DATASET SECTION:

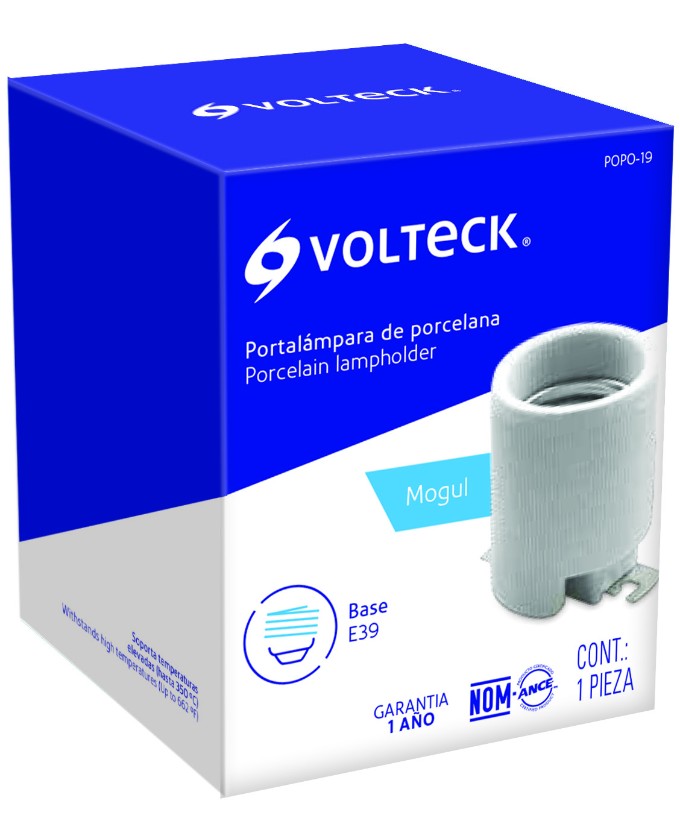 Volteck POPO-19 Portalámpara de porcelana, base tipo Mogul (E39), Volteck
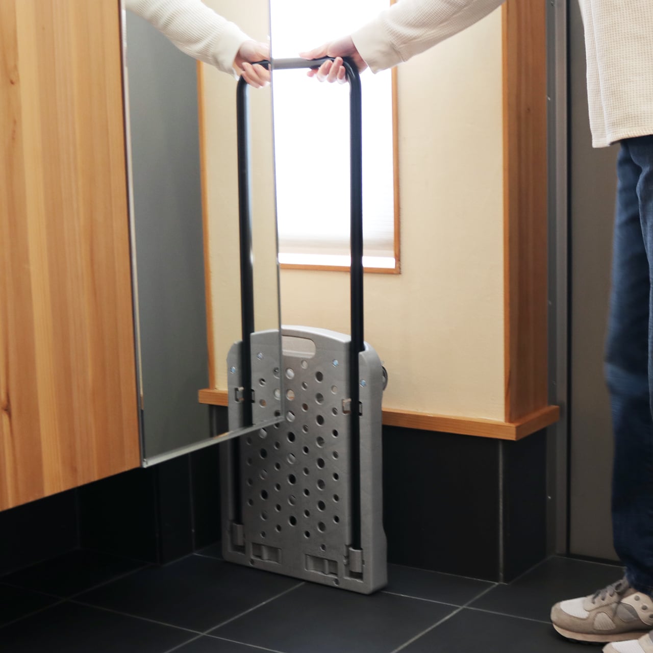 約2.8kgとハンドル台車としては最軽量クラスで、持ち運びも楽々。
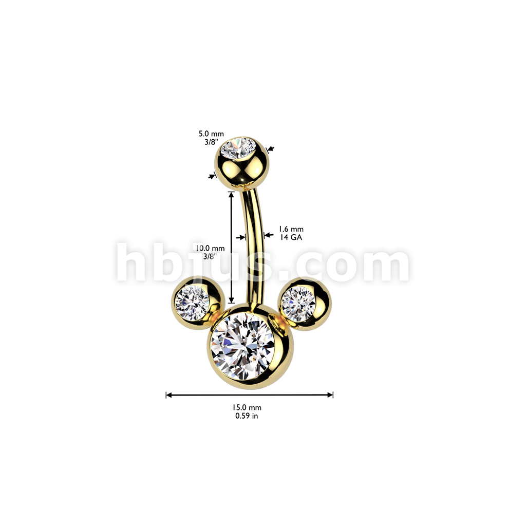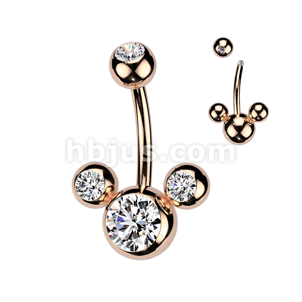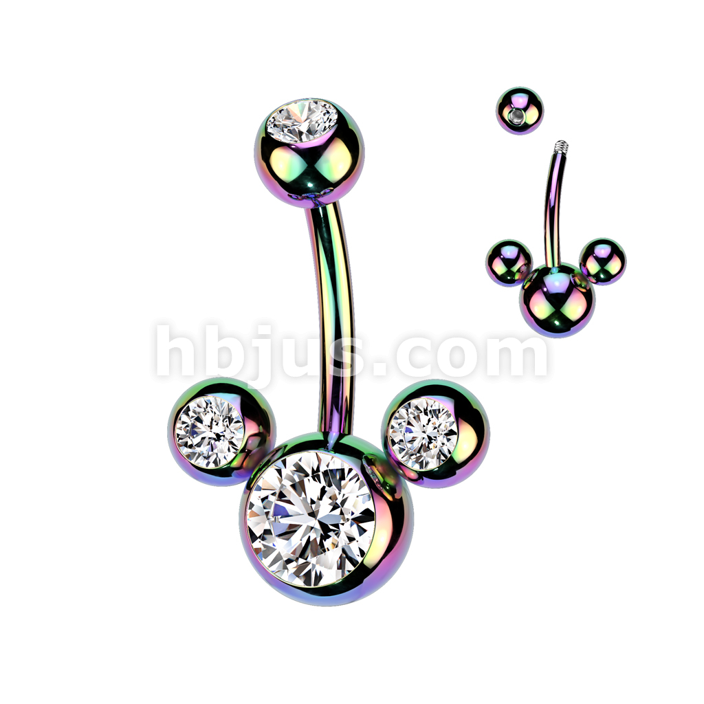 Triple Bubble Navel Ring Ion Plated Over 316L Surgical Steel

WHAT THE EXERCISE ASKS: Word for word, return the listing above; the pictures do not belong in the copy.

RESULT BELOW:
 Volteck POPO-19 Portalámpara de porcelana, base tipo Mogul (E39), Volteck
 約2.8kgとハンドル台車としては最軽量クラスで、持ち運びも楽々。
 Triple Bubble Navel Ring Ion Plated Over 316L Surgical Steel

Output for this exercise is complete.